Sunday, December 23, 2007

Happy Holidays




I’m alive! and I’m getting fat from all the goat butter and feta!

It looks like we are going to be spending the holidays in Crete, which is ok by me. The town is all lit up and everyone is out buying gifts. Our landlord and lady, Efetehis and Natalie, are very nice people and we have been talking with them a lot more now that all of our fellow classmates have shipped off. Meghan is interviewing in Florence and Sarah in Seville. We are trying to decide between Prague and Spain…as soon as we know, you will.

It is a bittersweet realization that staying in Greece isn’t a realistic option. In a way, the short time I have spent here has captured me. It is well knit, friendly, and wholesome but it is also small. Living here is like living in Ellettsville, IN,…but in the middle of the Mediterranean Sea, and with several languages being spoken, thousand year old ruins, fresh food pouring off of the street corners, grain alcohol after every meal, and a huge tourist boom economy and an equally significant off-season slump…so nothing like it really. Regardless, it can certainly feel small. The way I see it, it doesn’t hurt to keep moving along; there is always more green grass out there somewhere.

Bethany and I took a walk out of town today and followed the coast until it became craggy and rough. It was very beautiful and the cliff-side tide-pools were a unique sight. Check out the new pics, it was one of my favorite places I have been to around here. The waves were crashing in right up to my feet and the air was so briny that I had some salt crystals in my eyebrows when we got home.


For a while, I watched some fiddler crabs spin around in their own little world, carved into the safety of the stone. I couldn’t help but get philosophical as I looked out into the vast blue of the sea; I knew that the crab would never see my perspective on the true magnitude of the sea and he would certainly never understand it if I told him. But I understand him, he is rational; he has all of his necessities in his shallow pool. I sometimes wonder if I had all I needed in mine. Then again, it may be because I had all I needed that I felt the compulsion to leave.
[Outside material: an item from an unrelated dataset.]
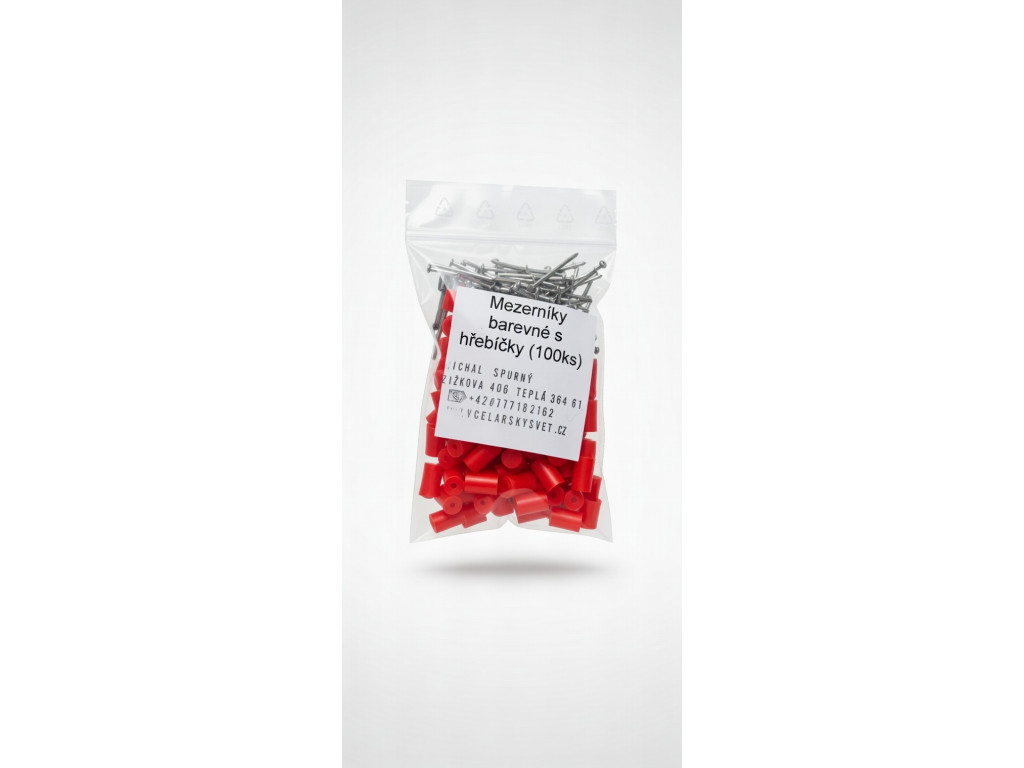 Mezerníky slouží k vymezování včelí mezery mezi rámky a brání samovolnému pohybu při přesunech úlů a medníků. Na každý rámek se s pravidla připevňují čtyři mezerníky a vyrábějí se v různé barvě. Balení obsahuje 100 ks mezerníků se 100ks hřebíčků.Buďte první, kdo napíše příspěvek k této položce.

After our climb, we caught a water polo game. Greeks are serious about few things but smoking cigarettes and water polo are definitely two of them. It may seem like a pool game but it is intense. These guys drown each other for 45 minutes and all the while the crowd is lighting off explosives, banging on giant drums and sitting on air-horns. It was fun to watch. I would go to another one.

Not much going on, life is quiet here. It will be strange not being home for Christmas. I wish you all the best.

Happy Holidays!

Καλα Κριστμας!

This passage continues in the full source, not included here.